Varios contraataques de los rusos, habían causado alguna baja al pelotón, pero no quedaba otra, había que seguir en el sitio y avanzar, avanzar para liberar a los camaradas alemanes, eran las órdenes, y el Capitán había sido muy explícito, –Seguid adelante hasta morir, todo por los heroicos defensores de Vsvad. O se les salva o hay que morir con ellos-, y ninguno de los españoles allí tumbados en la nieve, con el hielo metido en el cuerpo y la sangre ardiente, estaba pensando otra cosa que no fuera cumplir, porque otra cosa no serían aquellos soldados de la 250 división, pero cumplidores hasta el final.

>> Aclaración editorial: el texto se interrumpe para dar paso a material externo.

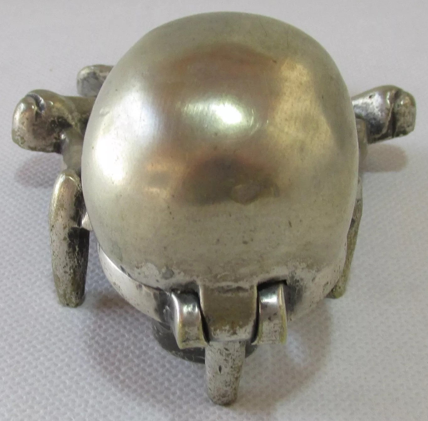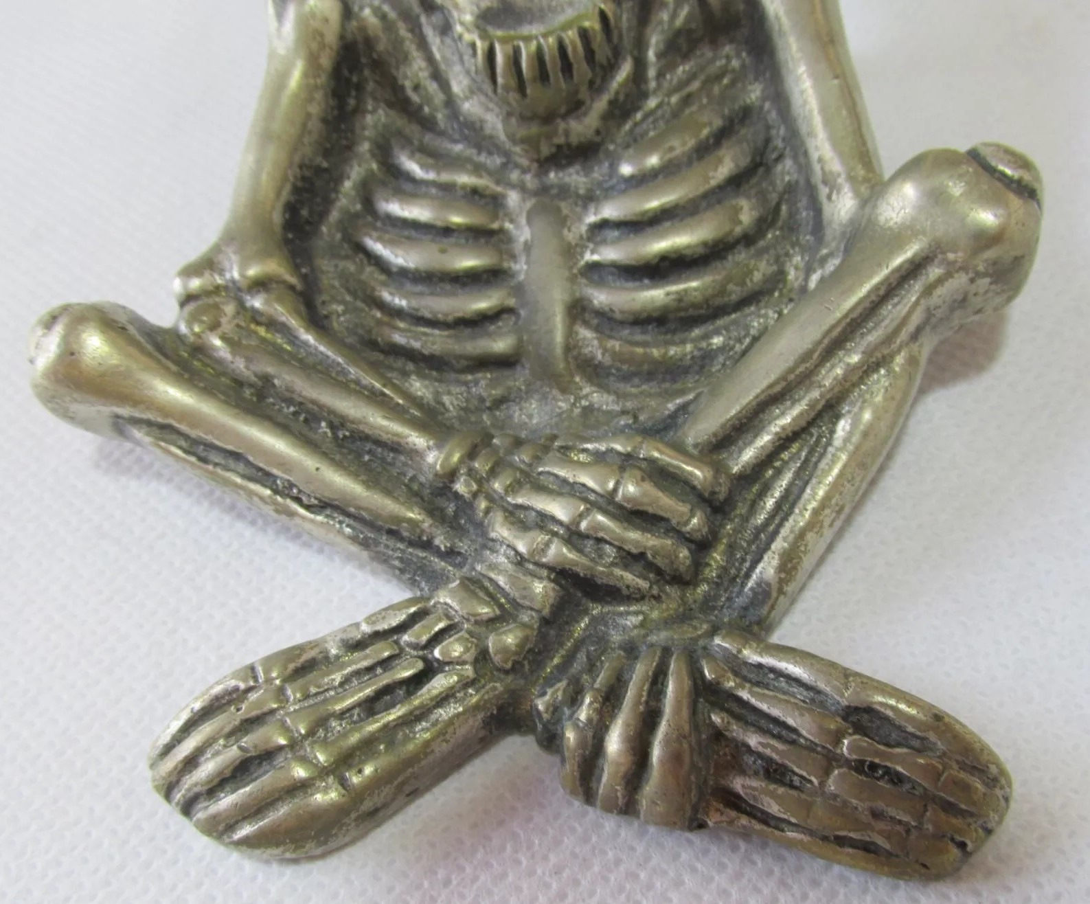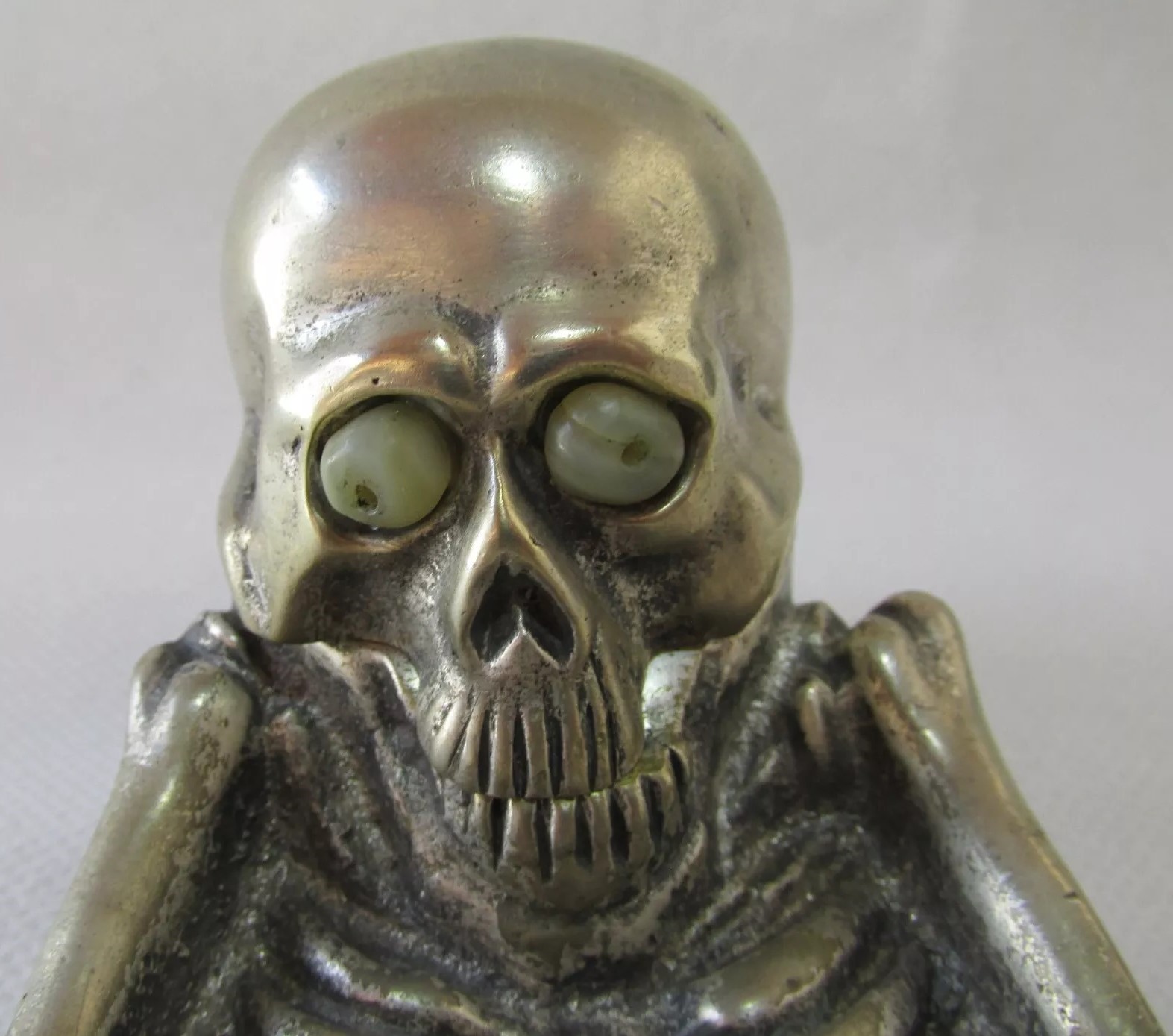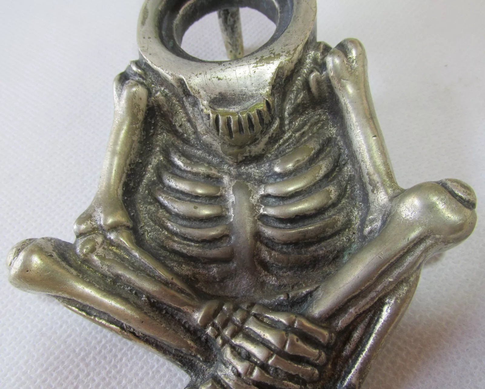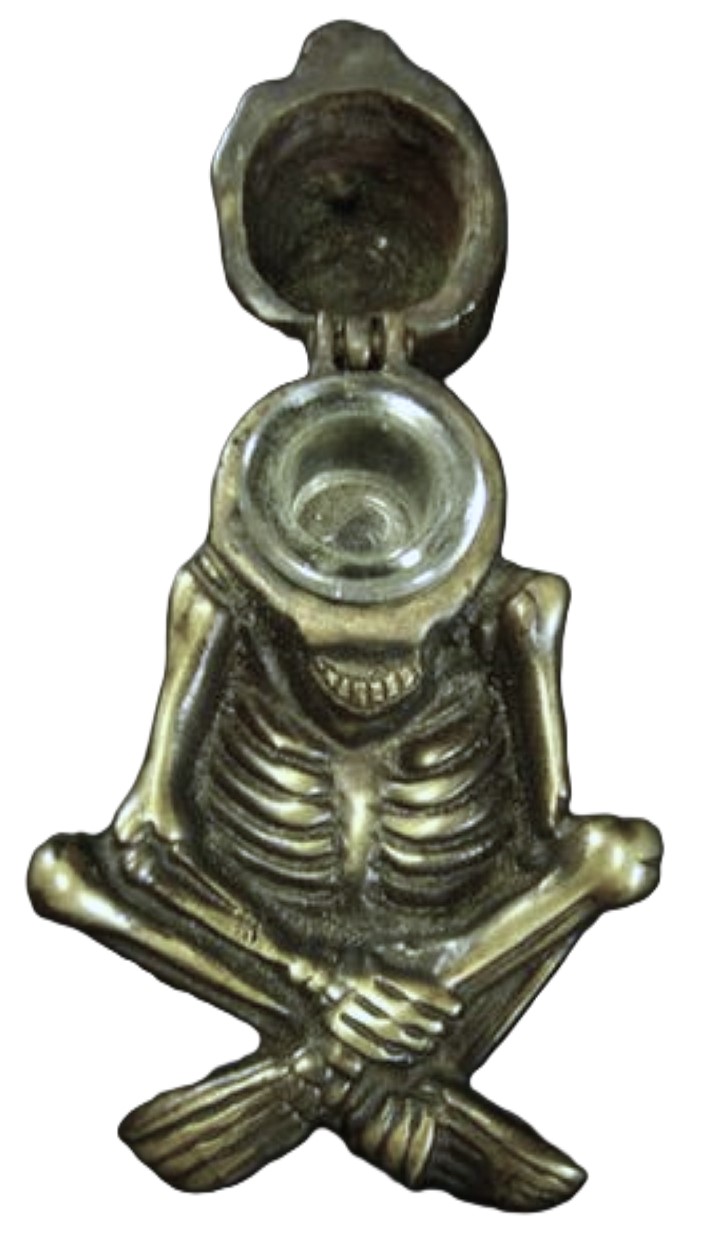 This figural inkwell features a skeleton seated with its knees bent upwards, creating a convenient space to rest a pen. The skull of the skeleton opens to reveal the inkwell inside.

Comenzaron a silbar las balas, y alguna explosión nada certera sonaba unos metros por delante, señal inequívoca que los rusos avanzaban con precaución.
El Sargento Sánchez sonrió y no por el frío.-Están acojonaos…venga guripas, no nos queda otra… si nos quedamos aquí al final nos pasarán por encima. Y estamos tan cerca de ellos que no se vosotros, pero yo ya huelo su sangre…-
No hizo falta orden alguna, todos los del pelotón comprendieron.., y sin mirarse, sin sentir ninguna otra emoción, se llevaron las manos al tahalí, y desenvainaron las bayonetas. Unos las colocaron en los máuseres, otros las sujetaron con la mano.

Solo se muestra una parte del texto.